As an advisor to the German Federal Government and the European Union on matters related to big data and AI, what are some priorities for the European Union to remain a global leader in AI development and deployment in the coming decades?

In contrast to the popular statement that data is the new oil or the new gold, I consider data to be a factor of production in the economic sense. Data is not consumed like a resource but is an atypical good. Like soil, data needs to be watered and fertilized, to grow and be harvested. We need to curate, integrate, and analyze data to derive new insights and ultimately value from it. Thus, I like to speak of data as the new soil, and not the new oil.

This has profound consequences, since this means that we have to build infrastructures that facilitate the provisioning, sharing, and analysis of data. We require an interoperable, scalable, easy-to-use and broadly accessible data infrastructure where data, algorithms, and processing resources can be offered as open data/open-source, shared in collaborative spaces, or sold in the context of novel business models in an information economy. Building such an infrastructure will require research, standardization, legislative efforts, and entrepreneurial activities. At the same time, it requires a closer interaction of the DM and ML communities and the attraction and retention of top talent across Europe.

The German federal government jointly with various state governments have created several permanently-funded AI Competence Centers to meet these challenges. As Directors of BIFOLD, the biggest among these centers, Klaus-Robert Müller and I offer attractive working conditions for Postdocs (with tenure-track possibilities). We are currently establishing new research groups in various DM and ML research areas in an exciting ecosystem in Berlin comprised of top universities, scientific institutions, companies, and a rich startup scene. I am confident that Germany and Europe are taking the right steps to retain a leading role in AI and big data.

Volker Markl is a Professor of Computer Science, Chair of the Database Management and Information Systems (DIMA) Group, and Director of the Berlin Institute for the Foundations of Learning and Data (BIFOLD) at the Technische Universität (TU) Berlin.
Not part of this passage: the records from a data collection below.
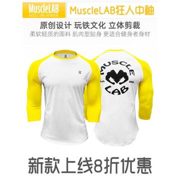 MuscleLAB狂人T恤中袖七分袖體恤棒球服運動健身體恤短袖純新疆棉
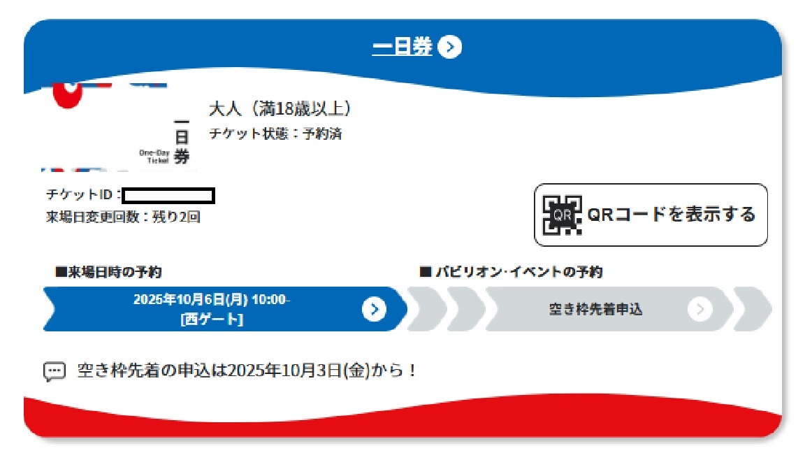 ご自身の万博IDでログインし、チケットをお受け取りください。
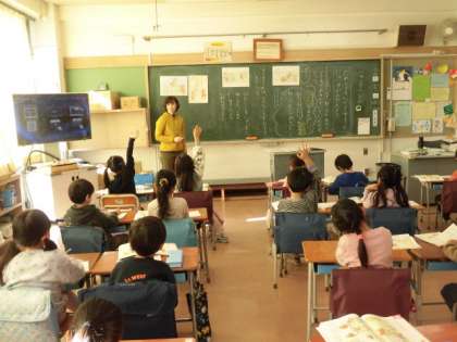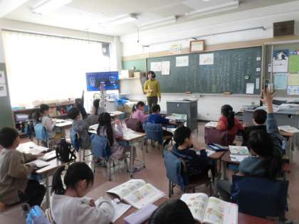 題材に出てくる動物たちを自分たちにおきかえ、子どもたちは考えています。子どもたちはしっかりと挙手し自分の考えを発言しています。
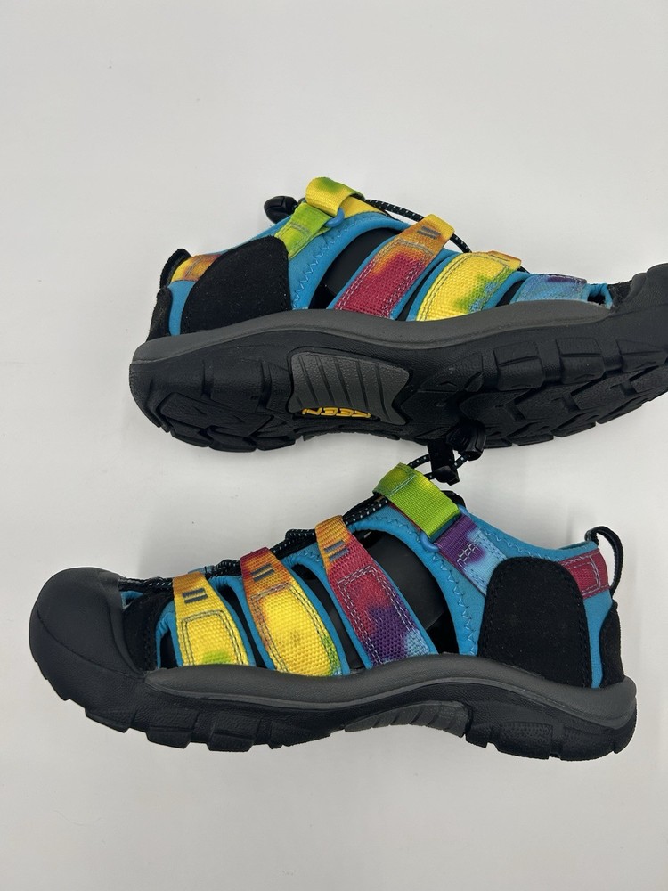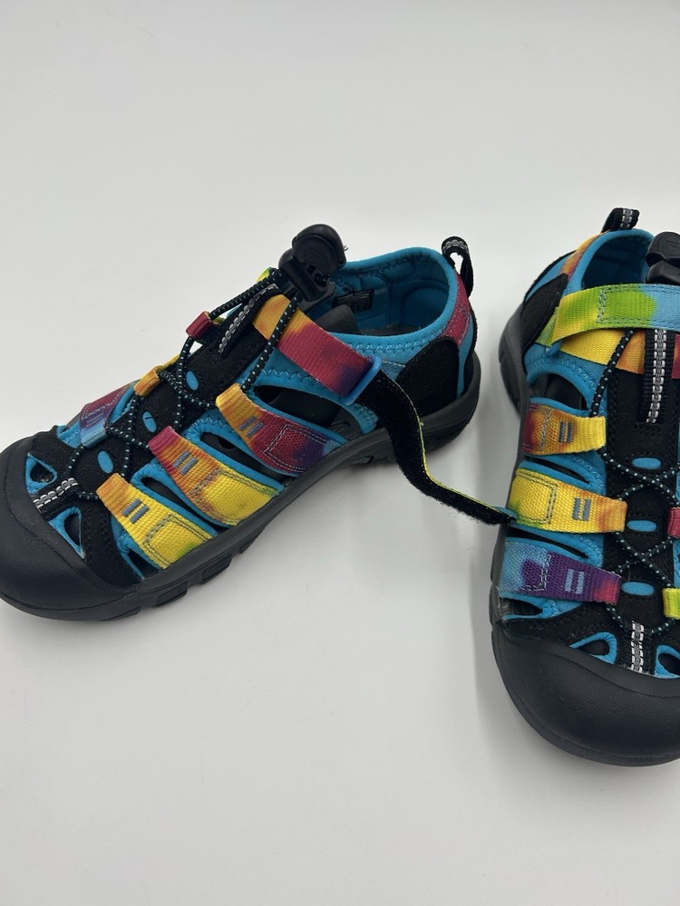 Step into colorful adventure with these KEEN Newport H@ Youth Sabndals inn a fun Rainbow Tie Dye design. These water-friendly sandals are perfect for outdoor play hiking or everyday wear. Designed with durability and comfort in mind, they feature: A quick-dry webbing upper in vibrant multicolor, closed toe protection, secure fit lace capture system with adjustable hook-and-loop strap, non-marking rubber outsole with multi-directional traction.Youth US 4 never worn without tags soles show no signs of use. Ideal for summer camp, the lake, trails, or everyday fun-these are a favorite among active kids and parents alike. Att D

He is also Head of the Intelligent Analytics for Massive Data Group at the German Research Center for Artificial Intelligence (DFKI). His current research interests lie at the intersection of distributed systems, scalable data processing, and machine learning.

Over the course of his career, Markl has published over 280 scientific papers, received an ACM SIGMOD Best Paper Award, two ACM SIGMOD Research Highlight Awards, and to date been issued eighteen patents. Among his honors, he was selected as one of Germany’s leading “Digital Minds” (Deutschlands Digitale Kӧpfe) in 2014 by the German Informatics Society and named an ACM Fellow in 2020 for his contributions to query optimization, scalable data processing, and data programmability.